Kamala Harris and Donald Trump
While the 2024 elections is 60 days away, voting will be underway well before then in North Carolina, a state that has surprisingly risen as battleground AFP

The 2024 election is 60 days away, but voting will be underway well before then, with North Carolina set to mail out ballots as soon as this Friday. As voters will soon be able to make their decisions on who the next president of the U.S. will be, the state remains a big question for both candidates.

Now that September has kicked off, Vice President Kamala Harris and former President Donald Trump will be slowly making a transition from campaign season to one of elections.

North Carolina is set to be the first state to mail absentee ballots, but won't begin in-person voting until mid-October. Likewise, five other states will start early voting this month: Pennsylvania (Sept. 16), Minnesota (Sept. 20), Virginia (Sept. 20), Vermont (Sept. 21), and Illinois (Sept. 26).

Federal law also requires absentee ballots for overseas and military voters to be mailed out 45 days before the election— on Sept. 21.

As ballots prepare to be mailed out, the race for the White House in the Old North State remains intense as ever.

North Carolina has turned increasingly red in the past few years, and it has only voted for one Democratic presidential candidate since 1980— Barack Obama in 2008. But this year, it has emerged as the surprise swing state, with polls constantly showing a virtual tie between Harris and Trump, with the former president holding a miniscule lead.

In fact, the Cook Political Report moved North Carolina from "lean Republican" to a "toss up" at the end of August, writing that the state "looks more competitive than ever" since Harris entered the race.

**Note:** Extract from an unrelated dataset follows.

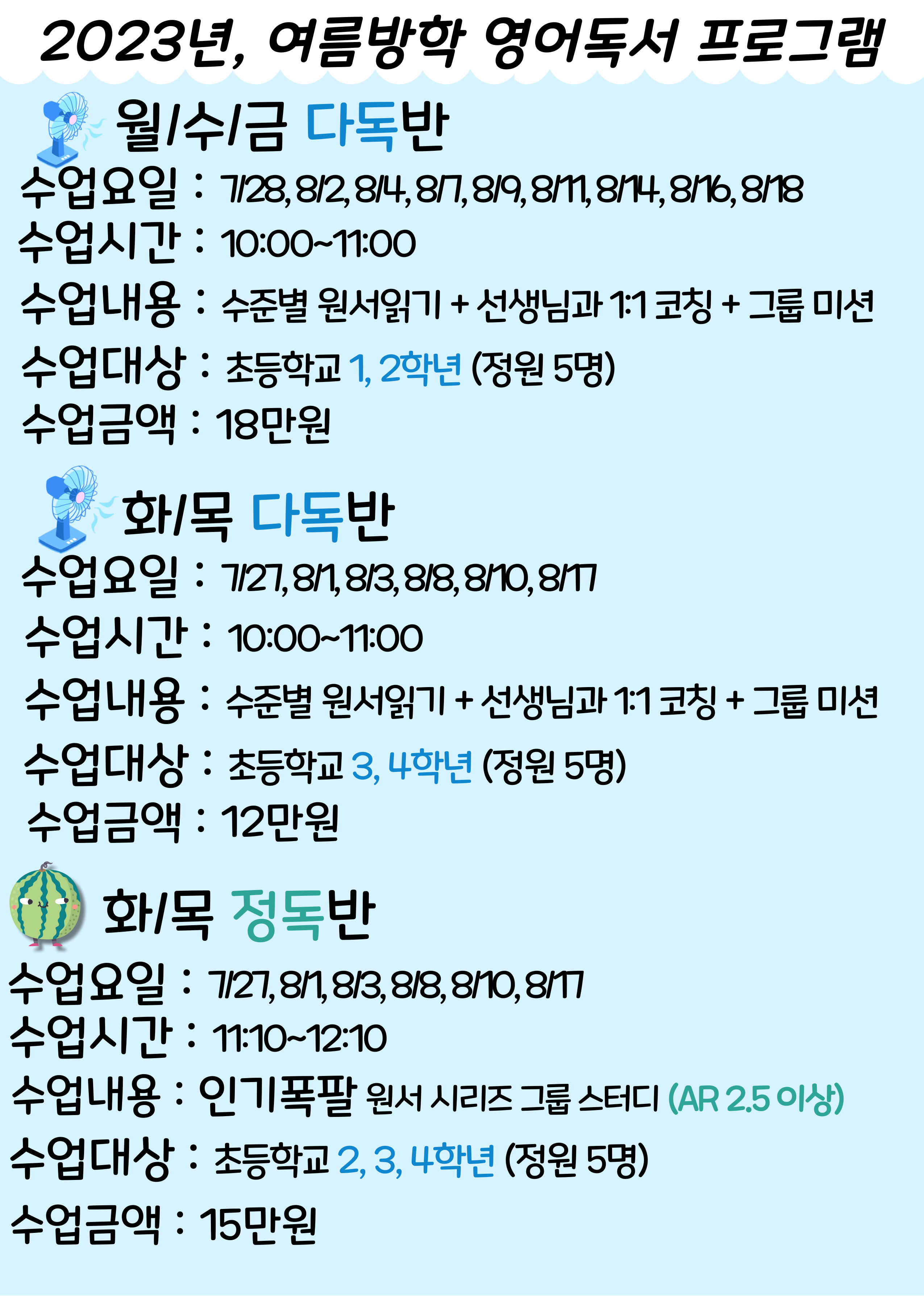 이번 옥길 키즈엔리딩 영어독서공부방 여름방학 방학특강은 월수금 다독반, 화목 다독반, 화목 정독반 총 3학급으로 구성되어 있다. 학급당 정원은 5명으로 선착순 접수하며, 학원비는 12~18만 원으로 책정되어 있다.

Similarly, the Cook Political Report Swing State Project survey taken in late July/early August shows Harris leading Trump by one point, 48% to 47% after Biden trailed Trump by seven points, 41% to 48%, in that same survey in May.

FiveThirtyEight shows a similar picture, with Trump leading by less than a percentage point, at 0.6%. That number has slightly fluctuated in recent weeks, but the gap has not widened.

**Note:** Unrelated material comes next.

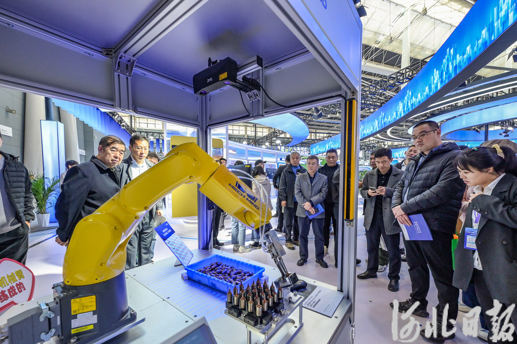10月24日,2024中國國際數(shù)字經(jīng)濟博覽會在石家莊(正定)國際會展中心開幕。圖為與會者在參觀梅卡曼德機器人。河北日報記者田明攝

If Harris wins the state, she has a 96.7% chance of winning the election, Forbes reports. If Trump emerges victorious, his chances of winning the electoral college stang at 76.6%.

North Carolina's shift to the left has largely been credited to a population increase among potential voters who typically back Democrats— including the highly educated— especially from a 5.6% increase since 2020 near the "research triangle" area of Raleigh-Durham-Chapel Hill, according to Forbes.

The tie in North Carolina is also an issue seemingly looming over the candidates.

Robert F. Kennedy Jr., who recently suspended his campaign and endorsed former President Trump, is trying to halt the absentee process in North Carolina so he can get off the ballot. But barring a last-minute intervention from the judge in a hearing scheduled for Thursday, the ballots will go out on Friday with Kennedy's name on them.

The rest of September will be filled with election related events. On Sept. 10, Trump and Harris will face off in their first presidential debate. The former President is due to be sentenced on Sept. 18 in his hush money case. On Sept. 26, a New York state appellate court is also set to hear oral arguments for Trump's appeal of his civil fraud judgment.